The four versions (two languages times two backends) exhibit slight variations due to differences in standard library implementations and backend versions. It is not surprising that minute variations in generated code are liable to create measurable differences in execution speed.

As expected, the “branchy” Lomuto partition compares poorly with Hoare partition, especially for large input sizes. Both are within the same league as the standard library implementation of the sort routine. Sorting using the branchless Lomuto partition, however, is the clear winner by a large margin regardless of platform, backend, and input size.
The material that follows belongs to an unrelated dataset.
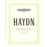 Though Franz Joseph Haydn did not "invent" the string quartet, he is often considered the "Father of the String Quartet" because of his huge contribution to the genre. Within this medium, he was extremely prolific; 83 works for quartet are attributed to him. Some of those pieces have, in recent years, been deemed spurious by scholars (i.e., they may possibly be the work of other composers), but the body of compositions believed to be Haydn's is still quite large. Not only did he compose a great quantity of quartets, but the quality of those pieces is very high - setting such a standard for this type of composition that later composers, including Mozart and Beethoven, would pattern their quartets on his, striving for their exquisite beauty and perfection. Haydn's String Quartet in C Major, Op. 76, No. 3, Hob. III:77 , is also known as the "Emperor" quartet (or "Kaiser" in German), and is one of his most famous and beloved works for string quartet. The name comes from the sublime second movement, in which Haydn quotes an anthem he composed for Emperor Francis II, the last ruler of the Holy Roman Empire. The melody is quite famous, and later became the German national anthem - a post it still holds today. This edition contains parts for two violins, viola, and cello, and is edited by Simon Rowland-Jones. Published by Edition Peters. Difficulty: A5

It has become increasingly clear during the past few years that algorithm analysis—and proposals for improvements derived from it—cannot be done solely with pen and paper using stylized computer architectures with simplistic cost models. The efficiency of sorting is determined by a lot more than counting the comparisons and swaps—at least, it seems, the predictability of comparisons must be taken into account. In the future, I am hopeful that better models of computation will allow researchers to rein in the complexity. For the time being, it seems, algorithm optimization remains hopelessly experimental.
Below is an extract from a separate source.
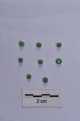 | Description / विवरण | 9 glass beads, globular shaped, smooth glossy surface, with perforation |

For sorting in particular, Lomuto is definitely back and should be considered by industrial implementations of quicksort on architectures with speculative execution.

#### Acknowledgments

Many thanks are due to Amr Elmasry, Jyrki Katajainen, and Max Stenmark for an inspirational paper. I haven’t yet been able to engineer a mergesort implementation (the main result of their paper) that beats the best quicksort described here, but I’m working on it. (Sorry, Sorters Anonymous… I’m still off the wagon.) I’d like to thank to Michael Parker and the commentators at the end of this post for fixing many of my non-native-speaker-isms. (Why do they say “pretend not to notice” and “pretend to not notice”? I never remember the right one.) Of course, most of the credit is due to Nico Lomuto, who defined an algorithm that hasn’t just stood the test of time—it passed it.